Just thought I'd chime in. My 5 year old was diagnosed with PDD-NOS. I have self-diagnosed Asperger's (I fit all the symptoms- and not officially diagnosed, my son's psychologist believes it is HIGHLY plausible). I believe my father also has Asperger's.

I really don't feel you guys should feel left out- autism, Asperger's and PDD-NOS are ALL under the umbrella of the Spectrum of Pervasive Developmental Disorders- in the end, the help you or your child receive should be very similar. As well, it can be VERY difficult to actually label young children with Autism or Asperger's because they are still growing physically and mentally so many psychologists will tag them PDD-NOS so they can get the services they direly need. Why wait for a positive label of Autism or Asperger's, which mean waiting for help/support, when you can tag them PDD-NOS, get them into the system until they are old enough to be labelled.

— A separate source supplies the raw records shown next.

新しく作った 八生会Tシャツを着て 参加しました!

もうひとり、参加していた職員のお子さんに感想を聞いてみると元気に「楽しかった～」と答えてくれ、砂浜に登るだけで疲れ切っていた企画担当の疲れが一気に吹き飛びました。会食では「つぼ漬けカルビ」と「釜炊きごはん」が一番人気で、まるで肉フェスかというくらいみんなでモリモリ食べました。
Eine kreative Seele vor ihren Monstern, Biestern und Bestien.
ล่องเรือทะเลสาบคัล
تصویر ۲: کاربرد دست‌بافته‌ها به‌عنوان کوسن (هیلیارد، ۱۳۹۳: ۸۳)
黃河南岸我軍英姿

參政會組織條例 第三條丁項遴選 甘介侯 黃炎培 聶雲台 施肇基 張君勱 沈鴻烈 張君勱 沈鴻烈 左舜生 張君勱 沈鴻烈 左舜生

There's also the fact that experts are still figuring out what Autism, Asperger's and PDD-NOS really is (there's quite a stirr about finding the right label for all these "disorders" and then creating new labels to fall under PDD-NOS). For instance, there is now belief that girls/women and boys/men have "different" symptoms and that what was thought was a male "disorder," may actually be very untrue as more girls/women are now getting diagnosed (Tony Attwood).

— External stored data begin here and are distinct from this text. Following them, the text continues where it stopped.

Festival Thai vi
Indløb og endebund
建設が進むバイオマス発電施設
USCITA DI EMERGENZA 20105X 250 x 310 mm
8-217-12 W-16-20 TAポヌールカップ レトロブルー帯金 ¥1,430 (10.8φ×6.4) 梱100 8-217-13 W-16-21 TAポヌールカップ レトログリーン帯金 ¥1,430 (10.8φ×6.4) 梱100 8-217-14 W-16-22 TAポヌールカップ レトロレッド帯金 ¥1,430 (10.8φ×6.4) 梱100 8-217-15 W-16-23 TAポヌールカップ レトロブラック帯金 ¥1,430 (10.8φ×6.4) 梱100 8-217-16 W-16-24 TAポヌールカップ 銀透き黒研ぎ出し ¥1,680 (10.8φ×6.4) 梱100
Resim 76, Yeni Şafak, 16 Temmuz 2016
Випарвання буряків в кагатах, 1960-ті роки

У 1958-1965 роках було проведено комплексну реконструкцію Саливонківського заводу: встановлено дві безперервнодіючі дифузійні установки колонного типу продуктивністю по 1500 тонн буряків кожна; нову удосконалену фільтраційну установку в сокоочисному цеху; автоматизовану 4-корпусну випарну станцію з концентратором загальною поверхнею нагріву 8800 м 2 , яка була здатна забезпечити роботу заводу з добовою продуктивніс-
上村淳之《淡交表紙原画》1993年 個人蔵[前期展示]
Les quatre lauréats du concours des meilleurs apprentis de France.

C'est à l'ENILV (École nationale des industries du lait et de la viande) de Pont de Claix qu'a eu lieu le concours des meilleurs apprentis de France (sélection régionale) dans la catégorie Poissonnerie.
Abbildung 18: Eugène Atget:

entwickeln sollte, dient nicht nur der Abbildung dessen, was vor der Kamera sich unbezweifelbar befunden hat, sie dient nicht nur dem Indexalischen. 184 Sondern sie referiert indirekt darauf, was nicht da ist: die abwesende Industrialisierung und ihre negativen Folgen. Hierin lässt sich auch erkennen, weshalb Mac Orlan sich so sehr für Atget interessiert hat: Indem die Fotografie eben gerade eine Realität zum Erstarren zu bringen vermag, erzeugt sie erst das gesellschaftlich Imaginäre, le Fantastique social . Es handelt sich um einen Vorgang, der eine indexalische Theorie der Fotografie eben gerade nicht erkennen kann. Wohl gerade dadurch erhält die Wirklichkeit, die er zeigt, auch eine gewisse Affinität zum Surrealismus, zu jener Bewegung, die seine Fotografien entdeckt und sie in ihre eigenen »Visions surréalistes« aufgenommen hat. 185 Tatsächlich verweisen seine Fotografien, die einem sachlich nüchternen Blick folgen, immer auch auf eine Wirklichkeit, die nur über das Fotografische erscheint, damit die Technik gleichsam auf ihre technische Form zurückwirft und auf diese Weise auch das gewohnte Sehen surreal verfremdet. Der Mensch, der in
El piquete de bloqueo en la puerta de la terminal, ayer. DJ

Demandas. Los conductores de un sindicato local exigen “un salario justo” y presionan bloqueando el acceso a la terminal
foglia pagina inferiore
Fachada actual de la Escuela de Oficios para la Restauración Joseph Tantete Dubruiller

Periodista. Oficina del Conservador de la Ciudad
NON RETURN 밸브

I really like how Wikipedia explains it:

"The manifestations of autism cover a wide spectrum, ranging from individuals with severe impairments—who may be silent, mentally disabled, and locked into hand flapping and rocking—to high functioning individuals who may have active but distinctly odd social approaches, narrowly focused interests, and verbose, pedantic communication.[51] Because the behavior spectrum is continuous, boundaries between diagnostic categories are necessarily somewhat arbitrary.[40] Sometimes the syndrome is divided into low-, medium- or high-functioning autism (LFA, MFA, and HFA), based on IQ thresholds,[52] or on how much support the individual requires in daily life; these subdivisions are not standardized and are controversial. Autism can also be divided into syndromal and non-syndromal autism; the syndromal autism is associated with severe or profound mental retardation or a congenital syndrome with physical symptoms, such as tuberous sclerosis.[53] Although individuals with Asperger syndrome tend to perform better cognitively than those with autism, the extent of the overlap between Asperger syndrome, HFA, and non-syndromal autism is unclear.[54]"

In fact, there are two sets of criteria for Asperger's. The 1991 Gillberg and then the DSM-IV. The DSM-IV which is used by psychologists has a LOT of problems/discrepancies (as noted by Tony Atwood) and forgets to include motor clumsiness, delays in self-help skills and sensory integration disorder (SID). Tony Attwood, if I recall correctly, also noted that some children don't even have the repetitive/stereotyped motor mannerisms- and most lose this after age 9. So that puts a lot of question on the criteria in the first place. According to what I read in Tony Attwood's book, he uses the 1991 Gillberg when he first diagnoses a child with Asperger's- and then I'm sure he uses the DSM-IV to "confirm" the diagnosis.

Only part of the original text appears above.